How are you augmenting start-ups with GE's inhouse expertise in medical device tech & AI?
Help with fine-tuning algorithms
The technical mentors in the Edison[x] program have helped start-ups identify specific use-cases where maximum value is likely to be derived from their solution. Further, the mentors have worked with the start-ups’ developers on tweaking the AI algorithm by making training data available to them. This could be de-identified/ anonymized real data or phantom/ synthetic training data that is generated by an AI engine to mimic typical real-world data while also incorporating typical natural variation.
Help with integration of the solution with the Edison platform
The next step towards deployment comes with integration of the start-up’s solution on the Edison platform and the Edison Health Link boxes deployed at individual customer sites. The GE technical teams worked with the start-ups on this integration, which allows the solution to also be bundled along with other GE offerings.
Help with deployment in virtual sandbox
The final step involves pilot deployment at customer locations where testing of the solution on real world data, back-to-back with traditional processes, gives the start-up invaluable feedback on the on-ground realities of the effectiveness of their solution.
You have successfully completed one cohort, and the second one is about to begin soon... What would you say are your key takeaways so far? What do you expect to achieve in the 2nd cohort?
We are excited by our journey so far and believe there are success stories, with tangible business outcome for start-ups and GE Healthcare. We do intend to intensify our engagement with the Indian start-up ecosystem.
In the second cohort we will be looking at a few themes primarily,
We will also be looking at more mature start-ups who have a soundproof concept and are reasonably close to applying for regulatory approval, in order to accelerate the process of deployment in the market.
Some of the start-ups in your first cohort were developing solutions in line with the demands put forth by COVID19. Your thoughts on the tech/solutions being developed?
In response to the Covid-19 pandemic, two start-ups from the first cohort – Predible Health and 5C Network collaborated to produce solutions to automate the reading of CT Scans from suspected patients resulting in earlier diagnosis. Predible Health already had a solution called LungIQ which was being used to diagnose liver and lung cancer but could be quickly modified to look for signs of Covid-19
Till date, the collaboration has looked at over 800 probable cases with a positive incidence rate between 40 and 50%, and a turnaround time of about 40 minutes.

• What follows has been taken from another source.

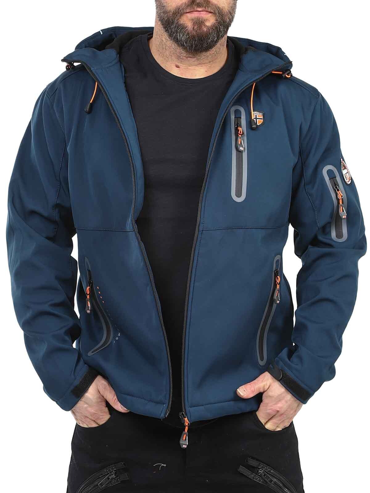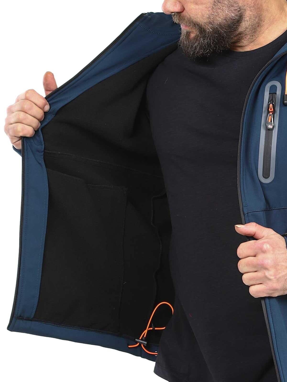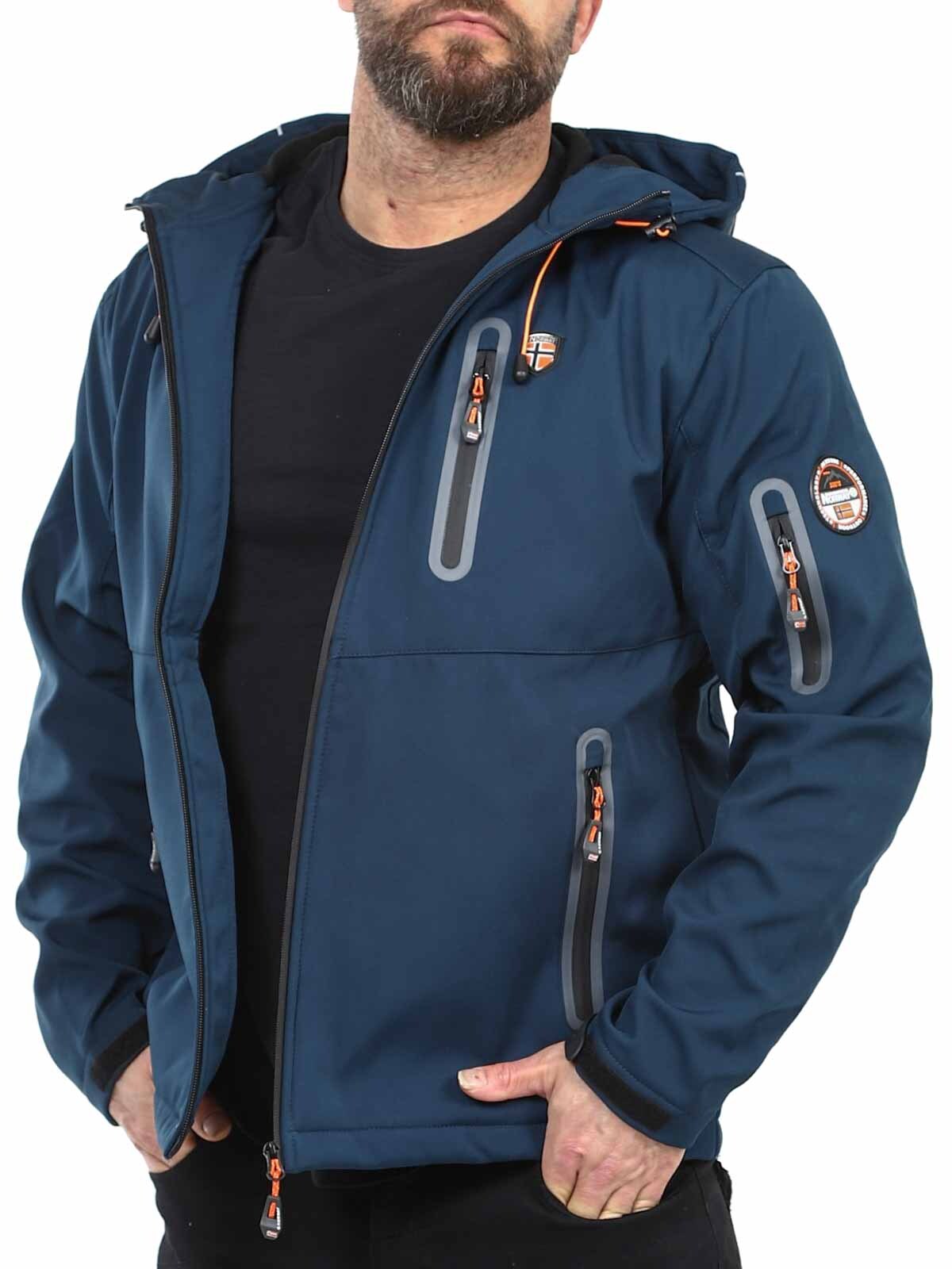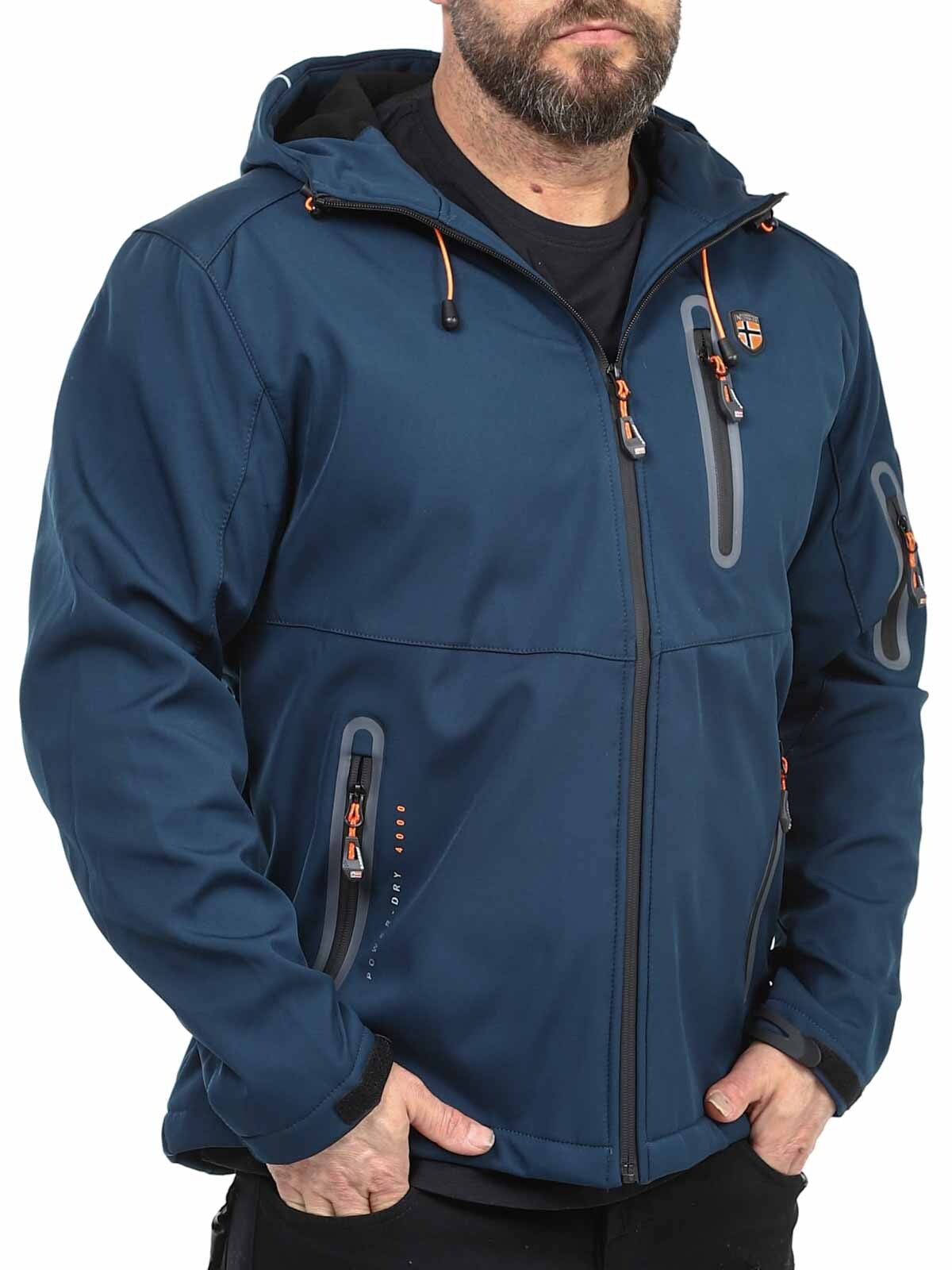 Funksjonell jakke i softshell med teipede sømmer og egenskaper som motstår vær og vind. Justerbar hette og flere lommer som kan lukkes. Mansjettene og nederkant kan justeres og strammes til.

Going forward, what are the main areas GE Healthcare would like to see innovation in healthcare?
At GE Healthcare our vision is to be ‘the leading innovator enabling precision health’. Our innovations are focused around making that vision a reality. Given that, there are two themes of innovation that the Edison[x] program will focus on:
The first is Advanced imaging, visualization, and reporting. This would involve building solutions for CT Scanning and X-Rays, leveraging Edison capabilities for Computer Aided Detection and Diagnosis. This could also be extended to diagnosis of certain cancers.
The other theme is that of Virtual Hospitals – coordinating care between various healthcare providers, building capability in remote patient health monitoring, and better integration of data and workflows.
Both these themes have operational underpinnings of the use of AI for building operational and clinical efficiency for better patient outcomes and financial viability, while also ensuring safety for frontline health workers. The second cohort of Edison[X] will broadly centre around these two themes.